A Super-Easy Quarantine Self-Improvement Tip

This sounds like an April Fool's joke, but I'm completely serious: for those of you stuck at home for the foreseeable future anyway, now would be a great time to kick your shampoo habit. I haven't used shampoo since 2009 -- I still wash my hair frequently, of course, but using only hot water and the pressure of my own fingertips to remove oil and dirt, followed by a very light conditioner (plus wide-tooth comb) to serve as a detangler. Compared to my shampoo days, my hair is far nicer and healthier than ever before -- less frizzy, far fewer split ends (I literally cannot remember the last time I found one, despite my hair being around 2.5 feet long), easier to care for, etc.

Shampoo is literally an "addictive" substance, in the sense that most people don't need it (modern detergent-based shampoo wasn't invented until the 20th century, yet clean, shiny hair existed well before that), but if you start using it, get used to it, and then stop, for awhile you'll go through "withdrawal" and be worse off than if you never started using in the first place.

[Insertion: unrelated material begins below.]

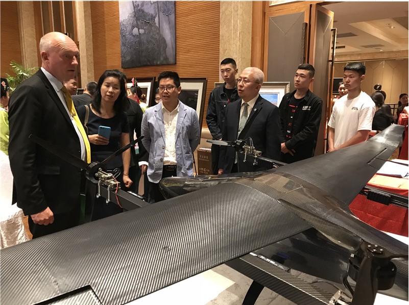 电气工程学院院长敖冰峰主持会议,副校长王明海致欢迎辞,希望能有更多与国际企业和院校交流的机会,探索教育合作和经济合作的途径。Stefan Matz先生致辞,在中国 “一带一路”战略政策下,哈尔滨已经开放了与德国汉堡市的班列,德国汉堡经济促进局愿意与贵校一起,探讨国际合作的契合点。随后,Ma Lina女士和曹伟女士分别致辞。到姚智慧技能大师工作室参观,观看雕刻机器人工艺品加工过程,进行工艺品赠送,在状元广场进行无人机飞行表演,德国汉堡经济促进局进行礼物交换,最后在人才山合影留念。

Basically, healthy hair should have a certain amount of oil, or "sebum." Shampooing strips sebum from your hair, thus making your scalp's oil glands go into overdrive to make up the difference, and ... long story short, if you're a regular shampoo user, most of the time your hair is either much drier or (paradoxically) far more oily than if you'd never used shampoo in the first place. When I kicked the habit, I experienced about two to three weeks of consistently Bad Hair Days (fortunately during a New England winter, so I could hide the worst of it under a cloche hat), then my hair suddenly got better all at once: woke up one morning after an Atrociously Bad Hair Day, took another conditioner-only shower, braced myself for another ABHD, but this time when my hair dried it looked awesome -- better than ever.

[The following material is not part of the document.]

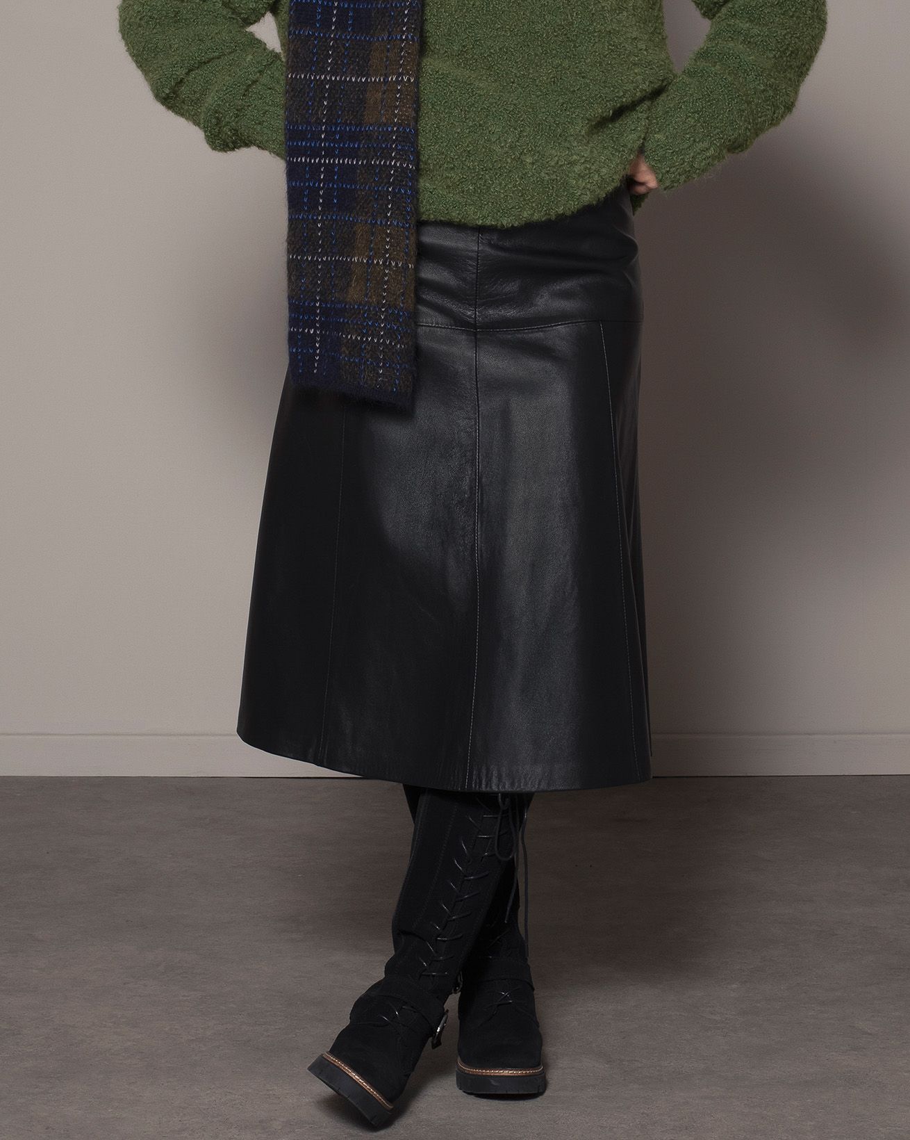 This A-line midi skirt is crafted from supple Sheep Nappa Leather. It features a zip fastening at the centre back with grosgrain binding inside the waistband, and is fully lined for comfort.

At the time, I wrote a magazine article about my newly shampoo-free life (archived link here). A year or so later, an online friend of mine told me he'd shown his wife (also afflicted with long, fine, frizzy red hair) my article and a couple other things I'd said on the matter, and she decided to give it a try. Quoth he, "It took about 2 weeks for it to stop frizzing. It took another 2 weeks before she could, for the first time in her life, run her fingers through her hair. It's been 4 months and her hair looks the best it ever has. That is all I just wanted to thank Jennifer on behalf of my very grateful spouse."

{Preens}

Of course, none of this is to say "I never get frizzy hair anymore" -- I live in Georgia, after all -- but it's the frizz of "clean healthy hair that happens to be in a ridiculously humid environment," as opposed to the frizz of dry or damaged hair.

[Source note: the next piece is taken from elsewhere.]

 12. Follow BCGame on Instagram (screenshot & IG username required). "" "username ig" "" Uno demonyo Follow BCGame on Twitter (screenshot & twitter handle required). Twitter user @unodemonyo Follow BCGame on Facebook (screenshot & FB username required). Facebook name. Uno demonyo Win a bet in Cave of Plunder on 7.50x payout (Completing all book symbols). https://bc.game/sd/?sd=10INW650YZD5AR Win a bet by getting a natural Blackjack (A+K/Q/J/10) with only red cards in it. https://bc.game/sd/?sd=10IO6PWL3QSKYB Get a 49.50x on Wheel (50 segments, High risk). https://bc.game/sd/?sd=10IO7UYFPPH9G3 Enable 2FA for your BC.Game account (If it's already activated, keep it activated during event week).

Seriously, people: ditch the shampoo and make do with a very light conditioner (nothing advertised as "moisturizing" or "for dry hair" -- those products are for regular shampoo users with unnaturally low sebum levels). If you give up shampoo now, your hair will indeed look icky for a couple weeks, but it will return to normal and look better than ever well before this quarantine is likely to end. (And you'll save a small fortune on shampoo costs, too.)

3 Comments:

Blogger Jeff said...

I stopped using shaving cream many years ago, after reading a similar tip, that it's just not necessary. Just hot water

9:13 PM  
Blogger Jennifer Abel said...

FWIW, Jeff, I've never bothered using any special applications when shaving my legs; since I'm already covered in hot soapy water anyway, that worked well enough. (Granted, a man's beard hair is generally thicker than what grows on a woman's leg, but on the other hand I have a lot more shaving acreage than you do, so I imagine it all evens out in the end.)


11:17 AM  
Anonymous Embraceable Ewe said...

I've reduced the amount of soap I use in my daily shower for similar reasons and with similar results. My skin is less dry as a result.

I still use a bit of soap when washing armpits and crotch, and I wash my hands with soap regularly but the rest just gets thoroughly washed with plain water. It works fine unless I've been doing some dirty job like painting snd something other than sweat needs to be scrubbed off.